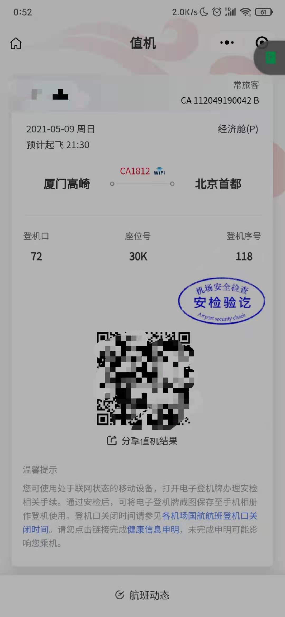 好家伙!差点出错赶不上,还好此时家属也提醒,可采用国航官网或小程序等形式做线上值机,现场可以直接安检。太好了!搞定
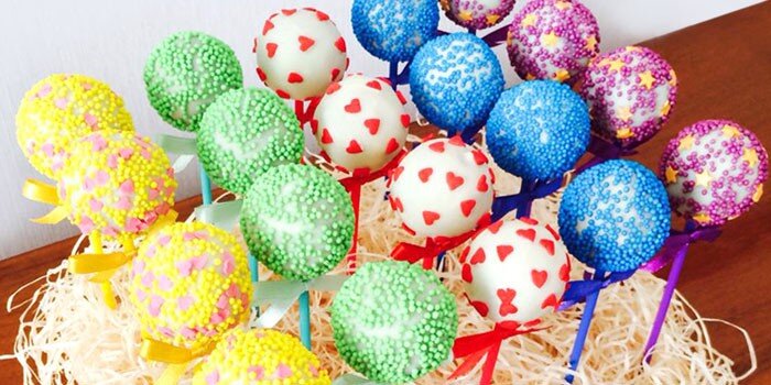 Знаменитый американский десерт кейк-попс – небольшое бисквитное пирожное, покрытое глазурью на палочке. Кейк-попсы зачастую выступают в качестве сладкого декора на детских или взрослых праздниках. У пирожного оригинальная форма, напоминающая другое вкусное лакомство, родом из Америки – чупа-чупс. Создавая этот десерт, можно проявить фантазию и воплотить самые оригинальные идеи, так кейк- попс станет настоящим украшением торжества. Ингредиенты: Бисквитное тесто: - 5 яиц - 150 гр муки - 100 гр сахара,пакетик ванили - 2 ст.л какао Начинка: - 100 гр черного шоколада или молочного, как вам больше нравится - 100мл сливок (не менее 20 %) - 30 гр сливочного масла - 30 гр сахарной пудры бисквит: Белки отделить от желтков. Отдельно взбить венчиком желтки с 50 гр. сахара + ваниль, отдельно белки, до устойчивой пены, затем добавить оставшиеся 50 гр. сахара. Во взбитые желтки ввести муку и какао порошок небольшими порциями, плавными движениями вмешать в эту массу взбитые белки. Дела
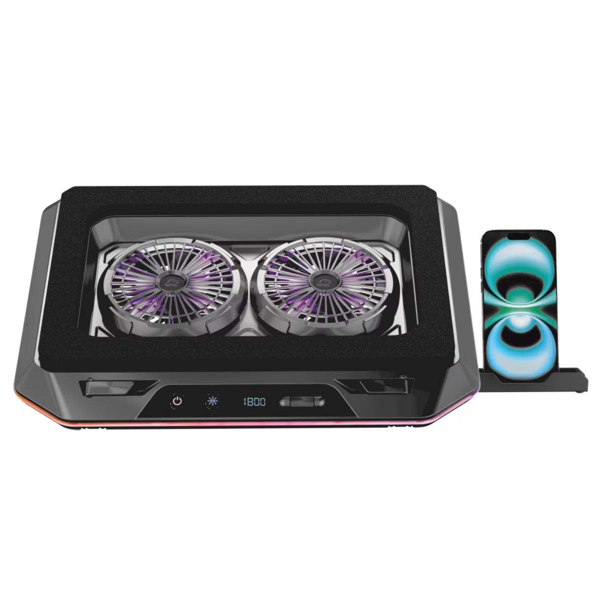 دارای صفحه نمایش LCD برای کنترل سرعت فن و نور / دارای کلید پاور / اقلام همراه: کابل تایپ C، پایه تلفن همراه / دارای پایه تلفن همراه و روشنایی 10 حالته RGB
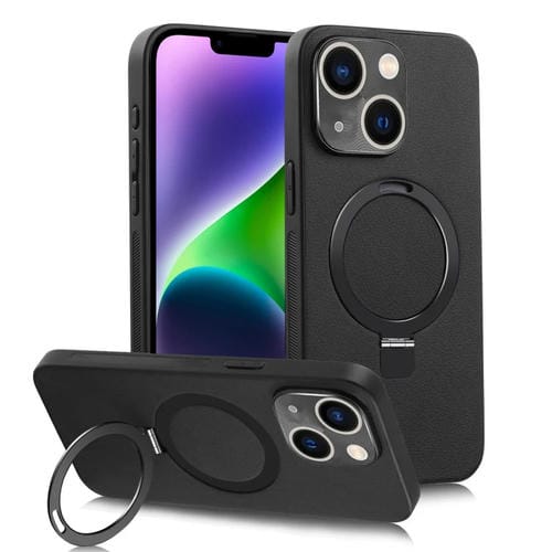 Holder para iPhone 14 Plus Magsafe Rotation PC + Funda de Cuero para Teléfono (Negro)
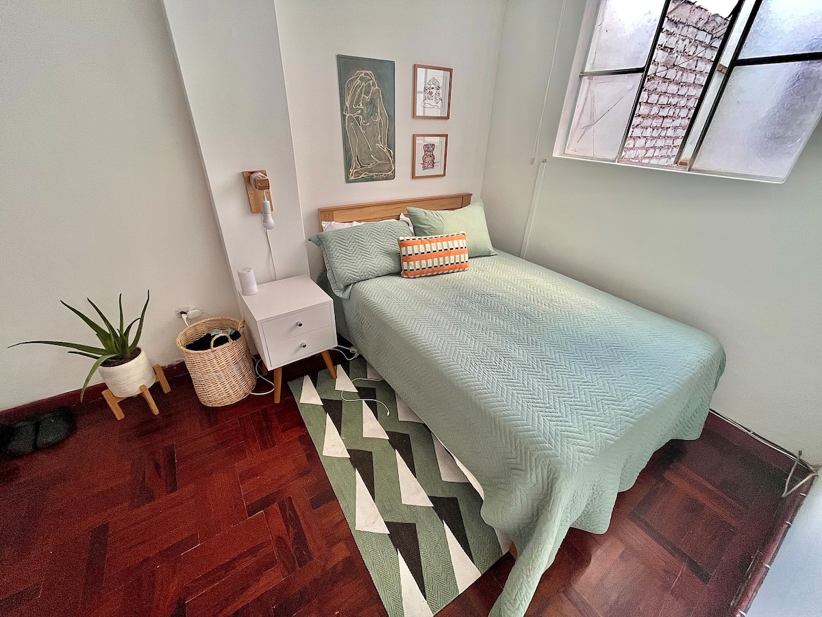 Willkommen in deinem neuen Zuhause in Lima! Moderne Wohnung mit einzigartiger Lage. 1 Block von Campo de Marte, Museo de Arte de Lima (4 Min.), Estadio Nacional (5 Min.), Parque de la Exposición (5 Min.) und Centro Histórico de Lima (10 Min.) entfernt. Wir bieten: Ausgestattete Küche, Utensilien, Kühlschrank, Reiskocher, elektrischer Behälter, Mixer und Mikrowelle Doppelzimmer: 2 Sitzer mit orthopädischer Matratze, privates Badezimmer und Kleiderschrank Sonstiges: Therma, Glasfaser, Streaming, 2 Fernseher, Wohnzimmer und Kabel.
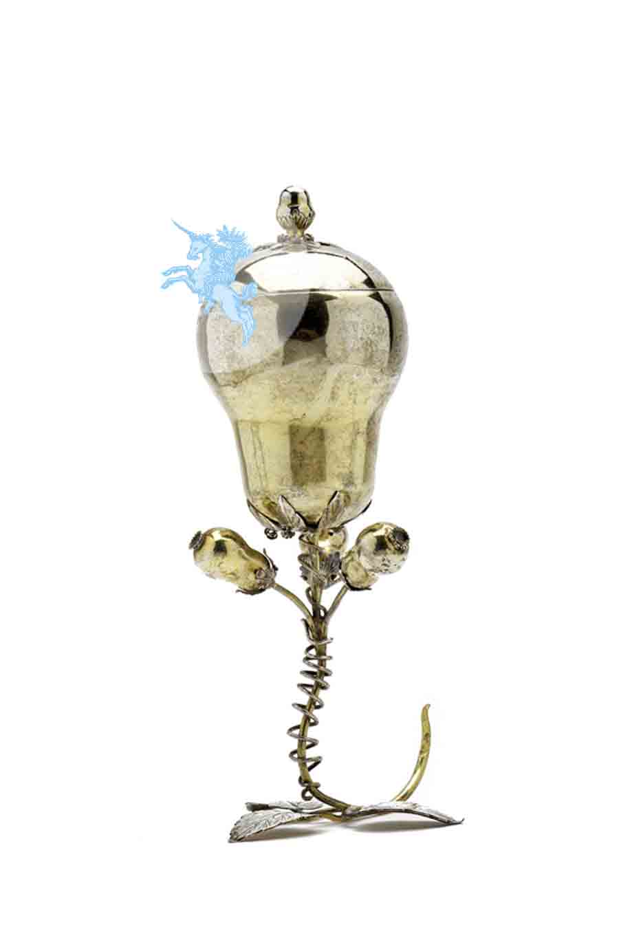 Durch seine naturalistische Formgebung zeichnet sich der vorliegende Birnenpokal als hochwertige Arbeit süddeutscher Goldschmiedekunst aus: Der Pokal ruht auf drei Blättern, über denen sich ein dünner Stiel mit spiralförmiger Einfassung erhebt. Aus dem Stiel erwächst die birnenförmige Kuppa, die von drei kleineren Birnen eingerahmt ist. Die Stadt- und Meistermarken am Lippenrand und auf dem Deckel belegen, daß es sich hierbei um ein Werk des Nürnberger Goldschmiedes Oswald Haußner (Meister 1637-1671) aus der Zeit um 1650-1657 handelt. Haußner war auf prunkvolle Trinkgefäße, von denen sich verschiedene in der Staatlichen Eremitage in St. Petersburg, im Germanischen Nationalmuseum in Nürnberg und im Museum angewandte Kunst in Wien erhalten haben. Die prunkvollen Apfel- und Birnenpokale wurden vorrangig in den zwei Zentren der süddeutschen Goldschmiedekunst angefertigt: in Nürnberg und in Augsburg. Dabei konnten die Goldschmiedemeister auf fantasievolle Gefäßentwürfe von Nürnberger Graphikern wie Virgil Solis zurückgreifen, die das spätgotische Formenrepertoire der Goldschmiede entscheidend erweiterten. Den Höhepunkt ihrer Beliebtheit erreichten die obstförmigen Deckelpokale Nürnberger und Augsburger Goldschmiede in der ersten Hälfte des 17. Jahrhunderts: Insbesondere Ananas- und Birnenpokale zählten zu den unverzichtbaren Tafelrequisiten höfischer Prägung. Seit dem 16. Jahrhundert waren an deutschen Höfen prunkvolle Trinkgefäße aus feuervergoldetem Silber besonders beliebt, deren Kuppa als Apfel oder Birne mit einem Schaft in Form eines Baumstamms oder Astes gestaltet waren. Diese aufwendigen Goldschmiedearbeiten galten meistens als kostbare Objekte fürstlicher Repräsentation und Wertanlage zugleich, die in Notzeiten wieder eingeschmolzen und wortwörtlich „vermünzt“ werden konnten. Aufgrund ihres hohen künstlerischen und materiellen Wertes wurden sie meistens in den gesicherten Räumen der Schatzkammer aufbewahrt, zu denen lediglich der Fürst und sein Kämmerer Zugang hatten. Anläßlich höfischer Festlichkeiten, etwa bei Geburten, Hochzeiten, diplomatischen Empfängen o.ä., wurden die kostbaren Deckelpokale aus der Schatzkammer geholt und auf der fürstlichen Tafel bzw. auf einer drei- oder fünfstufigen Kredenz hinter der Tafel als Zeichen von Macht und Wohlstand aufgestellt.
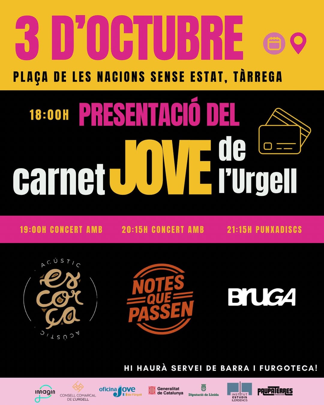 L'Oficina Jove de l'Urgell presenta el nou CARNET JOVE DE L’URGELL, un projecte pensat per apropar avantatges i oportunitats al jovent de la comarca. A partir de les 6 de la tarda es farà la presentació oficial i l'esdeveniment continuarà amb diverses actuacions musicals. Amb barra i menjar a càrrec de l’Associació Paupaterres.
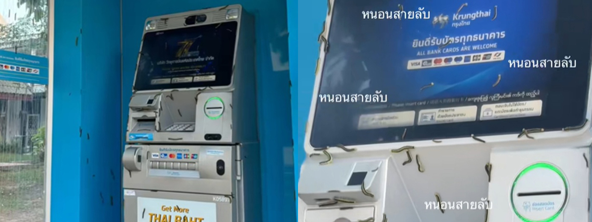 ผู้ใช้ TikTok @sa.umeko ได้เผยภาพสาวคนหนึ่ง อยู่หน้าตู้เอทีเอ็ม เพื่อเอาเงินเดือนก้อนสุดท้ายออกมา ระหว่างที่กำลังเตรียมกดเงิน แทบหยุดชะงักไปทันที เพราะเจอสายลับแฝงตัวอยู่หน้าตู้ สายลับที่ว่ามาในรูปแบบหนอน เลื้อยยั้วเยี้ยไปทั่ว จนเธอเห็นแทบขนลุกซู่
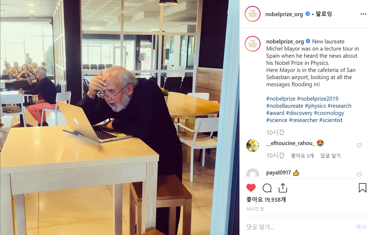 사진 속 넋이 나간 상태의 가엾은 아저씨는 2019년 노벨 물리학상 수상자인 미셸 마요르입니다. 스페인으로 강의를 하러 가는 사이 처음 연락을 받았고, 몇 시간 후 공항에서 컴퓨터를 켜자 밀려들어오는 축하 메시지를 보며 어찌할 바를 모르는 상태의 수상자의 모습입니다ㅎㅎ 겨울에 산타 알바 하셔도 될듯.
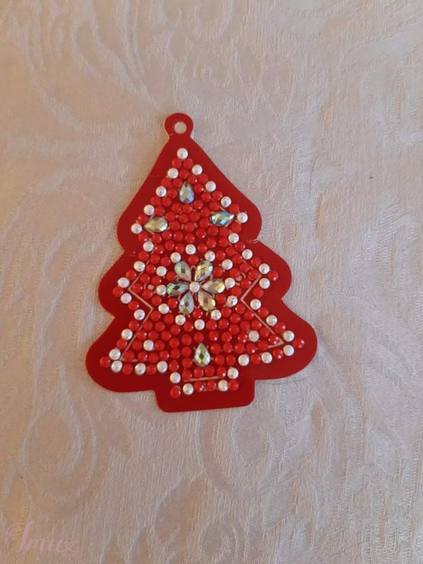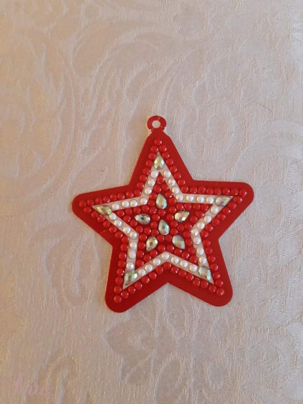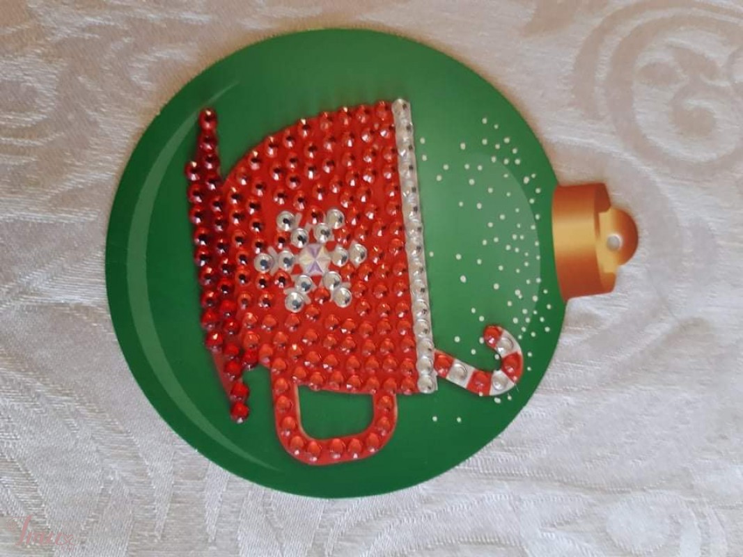 Popieriniai žaisliukai dekoruoti deimančiukais. Galima kabinti ant eglutės, galima pridėti prie dovanos. Kitoje pusėje galima užrašyti palinkėjimą. Baltai raudoni plonesni ir sunkiau laikosi pakabinimas, bet sutvirtinti iš kitos pusės. Kaina 0,8-1€
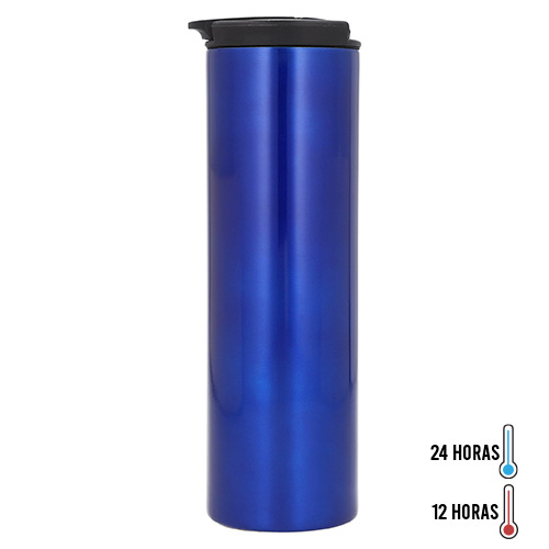 Termo con doble pared de acero inoxidable; tapa hermética enroscable y botón para evitar derrames.
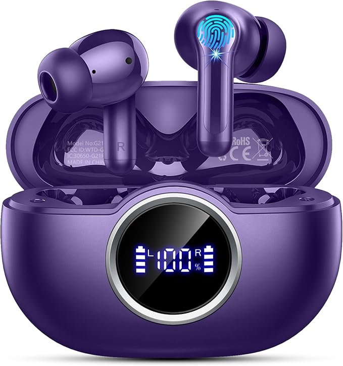 - 【40Hrs Playtime, Real-time LED Power Display】The ear buds wireless can last 6-8 hours playtime from a single charge and provides extra 36 hours playtime with charging case. Dual LED battery display design, You can precisely control the power status of the charging box(0-100%)and each wireless ear bud when in charging. Equipped with USB-C cable offers you more quick and stable charging. Ensure that you always know the remaining battery level and enjoy uninterrupted music experience during long journeys or busy workdays.

────────

## Action item
The records above should be copied word for word, with the pictures left out.

## Written answer
 好家伙!差点出错赶不上,还好此时家属也提醒,可采用国航官网或小程序等形式做线上值机,现场可以直接安检。太好了!搞定
 Знаменитый американский десерт кейк-попс – небольшое бисквитное пирожное, покрытое глазурью на палочке. Кейк-попсы зачастую выступают в качестве сладкого декора на детских или взрослых праздниках. У пирожного оригинальная форма, напоминающая другое вкусное лакомство, родом из Америки – чупа-чупс. Создавая этот десерт, можно проявить фантазию и воплотить самые оригинальные идеи, так кейк- попс станет настоящим украшением торжества. Ингредиенты: Бисквитное тесто: - 5 яиц - 150 гр муки - 100 гр сахара,пакетик ванили - 2 ст.л какао Начинка: - 100 гр черного шоколада или молочного, как вам больше нравится - 100мл сливок (не менее 20 %) - 30 гр сливочного масла - 30 гр сахарной пудры бисквит: Белки отделить от желтков. Отдельно взбить венчиком желтки с 50 гр. сахара + ваниль, отдельно белки, до устойчивой пены, затем добавить оставшиеся 50 гр. сахара. Во взбитые желтки ввести муку и какао порошок небольшими порциями, плавными движениями вмешать в эту массу взбитые белки. Дела
 دارای صفحه نمایش LCD برای کنترل سرعت فن و نور / دارای کلید پاور / اقلام همراه: کابل تایپ C، پایه تلفن همراه / دارای پایه تلفن همراه و روشنایی 10 حالته RGB
 Holder para iPhone 14 Plus Magsafe Rotation PC + Funda de Cuero para Teléfono (Negro)
 Willkommen in deinem neuen Zuhause in Lima! Moderne Wohnung mit einzigartiger Lage. 1 Block von Campo de Marte, Museo de Arte de Lima (4 Min.), Estadio Nacional (5 Min.), Parque de la Exposición (5 Min.) und Centro Histórico de Lima (10 Min.) entfernt. Wir bieten: Ausgestattete Küche, Utensilien, Kühlschrank, Reiskocher, elektrischer Behälter, Mixer und Mikrowelle Doppelzimmer: 2 Sitzer mit orthopädischer Matratze, privates Badezimmer und Kleiderschrank Sonstiges: Therma, Glasfaser, Streaming, 2 Fernseher, Wohnzimmer und Kabel.
 Durch seine naturalistische Formgebung zeichnet sich der vorliegende Birnenpokal als hochwertige Arbeit süddeutscher Goldschmiedekunst aus: Der Pokal ruht auf drei Blättern, über denen sich ein dünner Stiel mit spiralförmiger Einfassung erhebt. Aus dem Stiel erwächst die birnenförmige Kuppa, die von drei kleineren Birnen eingerahmt ist. Die Stadt- und Meistermarken am Lippenrand und auf dem Deckel belegen, daß es sich hierbei um ein Werk des Nürnberger Goldschmiedes Oswald Haußner (Meister 1637-1671) aus der Zeit um 1650-1657 handelt. Haußner war auf prunkvolle Trinkgefäße, von denen sich verschiedene in der Staatlichen Eremitage in St. Petersburg, im Germanischen Nationalmuseum in Nürnberg und im Museum angewandte Kunst in Wien erhalten haben. Die prunkvollen Apfel- und Birnenpokale wurden vorrangig in den zwei Zentren der süddeutschen Goldschmiedekunst angefertigt: in Nürnberg und in Augsburg. Dabei konnten die Goldschmiedemeister auf fantasievolle Gefäßentwürfe von Nürnberger Graphikern wie Virgil Solis zurückgreifen, die das spätgotische Formenrepertoire der Goldschmiede entscheidend erweiterten. Den Höhepunkt ihrer Beliebtheit erreichten die obstförmigen Deckelpokale Nürnberger und Augsburger Goldschmiede in der ersten Hälfte des 17. Jahrhunderts: Insbesondere Ananas- und Birnenpokale zählten zu den unverzichtbaren Tafelrequisiten höfischer Prägung. Seit dem 16. Jahrhundert waren an deutschen Höfen prunkvolle Trinkgefäße aus feuervergoldetem Silber besonders beliebt, deren Kuppa als Apfel oder Birne mit einem Schaft in Form eines Baumstamms oder Astes gestaltet waren. Diese aufwendigen Goldschmiedearbeiten galten meistens als kostbare Objekte fürstlicher Repräsentation und Wertanlage zugleich, die in Notzeiten wieder eingeschmolzen und wortwörtlich „vermünzt“ werden konnten. Aufgrund ihres hohen künstlerischen und materiellen Wertes wurden sie meistens in den gesicherten Räumen der Schatzkammer aufbewahrt, zu denen lediglich der Fürst und sein Kämmerer Zugang hatten. Anläßlich höfischer Festlichkeiten, etwa bei Geburten, Hochzeiten, diplomatischen Empfängen o.ä., wurden die kostbaren Deckelpokale aus der Schatzkammer geholt und auf der fürstlichen Tafel bzw. auf einer drei- oder fünfstufigen Kredenz hinter der Tafel als Zeichen von Macht und Wohlstand aufgestellt.
 L'Oficina Jove de l'Urgell presenta el nou CARNET JOVE DE L’URGELL, un projecte pensat per apropar avantatges i oportunitats al jovent de la comarca. A partir de les 6 de la tarda es farà la presentació oficial i l'esdeveniment continuarà amb diverses actuacions musicals. Amb barra i menjar a càrrec de l’Associació Paupaterres.
 ผู้ใช้ TikTok @sa.umeko ได้เผยภาพสาวคนหนึ่ง อยู่หน้าตู้เอทีเอ็ม เพื่อเอาเงินเดือนก้อนสุดท้ายออกมา ระหว่างที่กำลังเตรียมกดเงิน แทบหยุดชะงักไปทันที เพราะเจอสายลับแฝงตัวอยู่หน้าตู้ สายลับที่ว่ามาในรูปแบบหนอน เลื้อยยั้วเยี้ยไปทั่ว จนเธอเห็นแทบขนลุกซู่
 사진 속 넋이 나간 상태의 가엾은 아저씨는 2019년 노벨 물리학상 수상자인 미셸 마요르입니다. 스페인으로 강의를 하러 가는 사이 처음 연락을 받았고, 몇 시간 후 공항에서 컴퓨터를 켜자 밀려들어오는 축하 메시지를 보며 어찌할 바를 모르는 상태의 수상자의 모습입니다ㅎㅎ 겨울에 산타 알바 하셔도 될듯.
 Popieriniai žaisliukai dekoruoti deimančiukais. Galima kabinti ant eglutės, galima pridėti prie dovanos. Kitoje pusėje galima užrašyti palinkėjimą. Baltai raudoni plonesni ir sunkiau laikosi pakabinimas, bet sutvirtinti iš kitos pusės. Kaina 0,8-1€
 Termo con doble pared de acero inoxidable; tapa hermética enroscable y botón para evitar derrames.
 - 【40Hrs Playtime, Real-time LED Power Display】The ear buds wireless can last 6-8 hours playtime from a single charge and provides extra 36 hours playtime with charging case. Dual LED battery display design, You can precisely control the power status of the charging box(0-100%)and each wireless ear bud when in charging. Equipped with USB-C cable offers you more quick and stable charging. Ensure that you always know the remaining battery level and enjoy uninterrupted music experience during long journeys or busy workdays.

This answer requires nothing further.